Mexico
A ghost town reached through a single mine tunnel, where Wixárika pilgrims walk the sacred desert beyond.
The road in is the first test. A single-lane tunnel bored through a mountain — 2.3 kilometres of darkness, one car's width, an oncoming set of headlights meaning one of you reverses — deposits you in a ghost town at 2,750 metres that silver built and silver abandoned.
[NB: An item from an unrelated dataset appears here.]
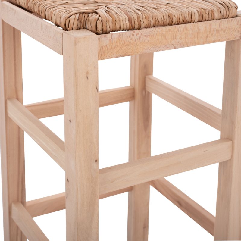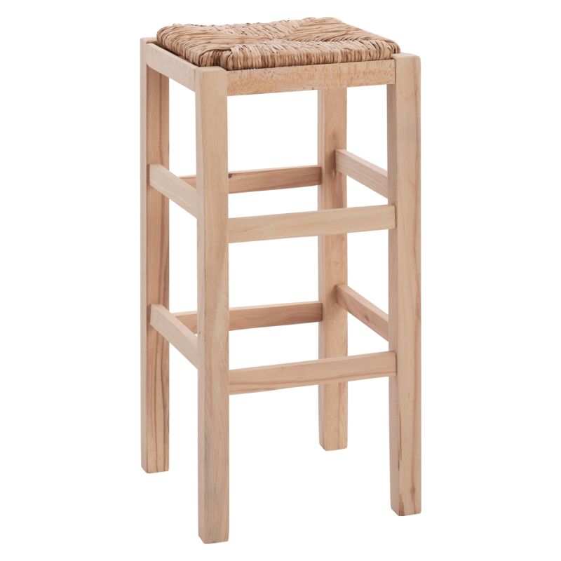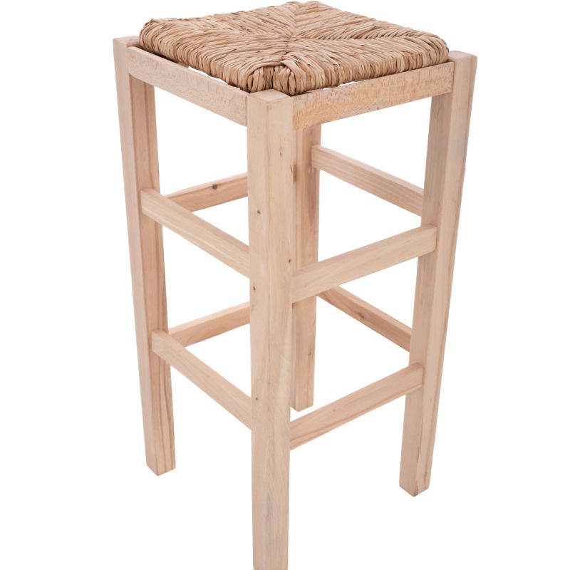 Традиционна табуретка без облегалка от масивно буково дърво със слама.

Real de Catorce was one of Mexico's wealthiest mining towns in the 18th century, with a population of 40,000, a bullring, and a mint. When the silver ran out, so did the people. The town now has fewer than 1,000 residents and the atmosphere of genuine abandonment — roofless buildings, cobblestoned streets returning to dust, and the Parroquia de la Purísima Concepción still drawing pilgrims to a supposedly miraculous image of Saint Francis of Assisi. Beyond the town, the Wirikuta desert stretches toward the horizon — the most sacred site for the Wixárika (Huichol) people, who make annual pilgrimages to collect peyote. Willy jeep tours cross the desert to former mining operations and viewpoints, but the real draw is the town's atmosphere: high-altitude light, absolute silence, and the strange energy of a place that refuses to fully die or fully live.
Solo
The tunnel entrance, the ghost-town silence, and the desert beyond — Real de Catorce is Mexico's most atmospheric solo destination for those who prefer emptiness to crowds.
Couple
Candlelit restaurants in stone buildings, the high-altitude stars, and the sense of being somewhere most travellers will never find — romance here is earned by the journey in.
Gorditas de horno — baked corn pockets stuffed with nopales and cheese — from the plaza vendors.
Mezcal and asado de boda — a chilli-rich pork wedding stew — in candlelit stone-walled restaurants.